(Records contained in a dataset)

###

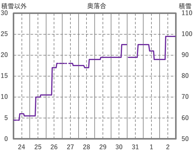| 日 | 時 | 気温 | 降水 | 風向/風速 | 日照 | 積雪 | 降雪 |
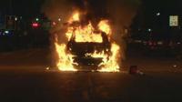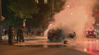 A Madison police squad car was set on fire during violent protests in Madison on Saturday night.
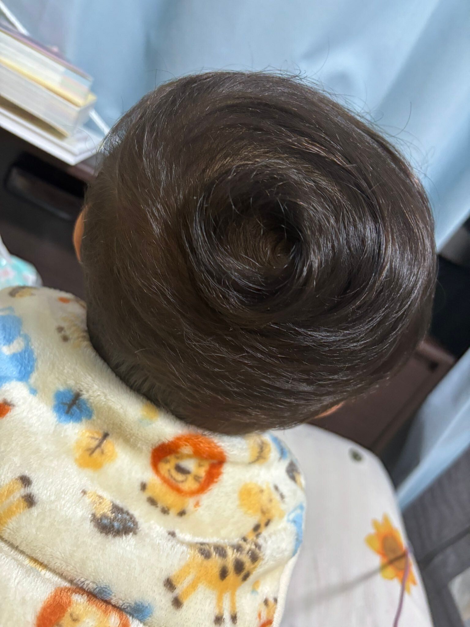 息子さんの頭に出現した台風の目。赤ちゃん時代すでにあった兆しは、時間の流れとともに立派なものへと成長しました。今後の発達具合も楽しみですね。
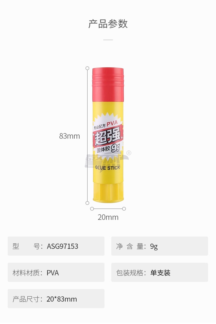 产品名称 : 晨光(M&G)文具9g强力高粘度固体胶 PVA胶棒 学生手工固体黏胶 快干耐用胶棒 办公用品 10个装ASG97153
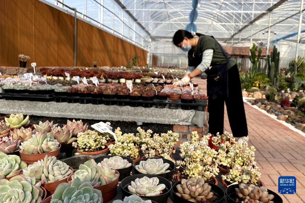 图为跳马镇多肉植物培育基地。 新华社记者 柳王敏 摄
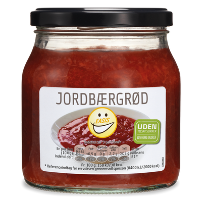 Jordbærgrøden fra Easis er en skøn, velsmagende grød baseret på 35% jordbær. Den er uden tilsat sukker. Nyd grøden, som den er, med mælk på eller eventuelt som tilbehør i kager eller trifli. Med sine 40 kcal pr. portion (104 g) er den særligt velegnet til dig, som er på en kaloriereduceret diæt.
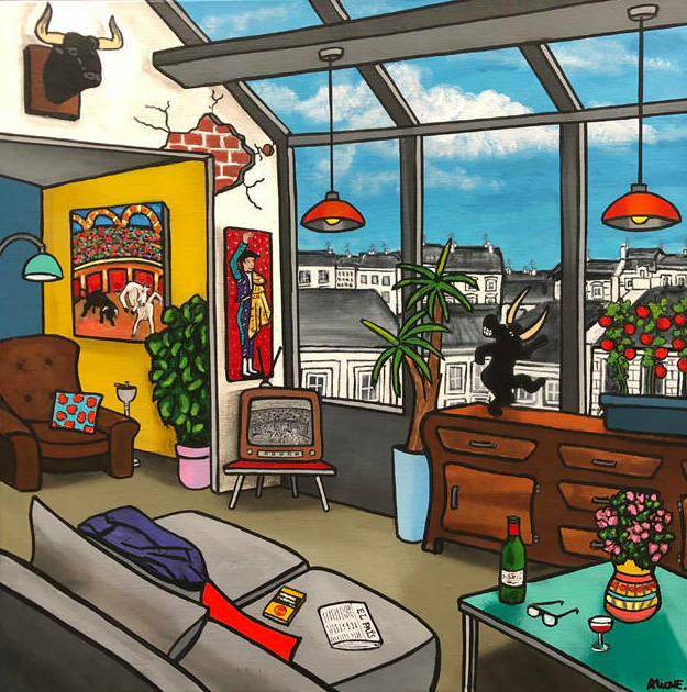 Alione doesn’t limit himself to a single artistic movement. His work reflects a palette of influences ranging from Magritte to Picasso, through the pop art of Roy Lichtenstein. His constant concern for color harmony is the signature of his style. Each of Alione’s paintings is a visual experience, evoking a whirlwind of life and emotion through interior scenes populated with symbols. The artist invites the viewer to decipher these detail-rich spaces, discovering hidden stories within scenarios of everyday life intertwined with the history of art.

###

Prompt
Omitting all pictures, reproduce the records above in their entirety.

Completed exercise
| 日 | 時 | 気温 | 降水 | 風向/風速 | 日照 | 積雪 | 降雪 |
 A Madison police squad car was set on fire during violent protests in Madison on Saturday night.
 息子さんの頭に出現した台風の目。赤ちゃん時代すでにあった兆しは、時間の流れとともに立派なものへと成長しました。今後の発達具合も楽しみですね。
 产品名称 : 晨光(M&G)文具9g强力高粘度固体胶 PVA胶棒 学生手工固体黏胶 快干耐用胶棒 办公用品 10个装ASG97153
 图为跳马镇多肉植物培育基地。 新华社记者 柳王敏 摄
 Jordbærgrøden fra Easis er en skøn, velsmagende grød baseret på 35% jordbær. Den er uden tilsat sukker. Nyd grøden, som den er, med mælk på eller eventuelt som tilbehør i kager eller trifli. Med sine 40 kcal pr. portion (104 g) er den særligt velegnet til dig, som er på en kaloriereduceret diæt.
 Alione doesn’t limit himself to a single artistic movement. His work reflects a palette of influences ranging from Magritte to Picasso, through the pop art of Roy Lichtenstein. His constant concern for color harmony is the signature of his style. Each of Alione’s paintings is a visual experience, evoking a whirlwind of life and emotion through interior scenes populated with symbols. The artist invites the viewer to decipher these detail-rich spaces, discovering hidden stories within scenarios of everyday life intertwined with the history of art.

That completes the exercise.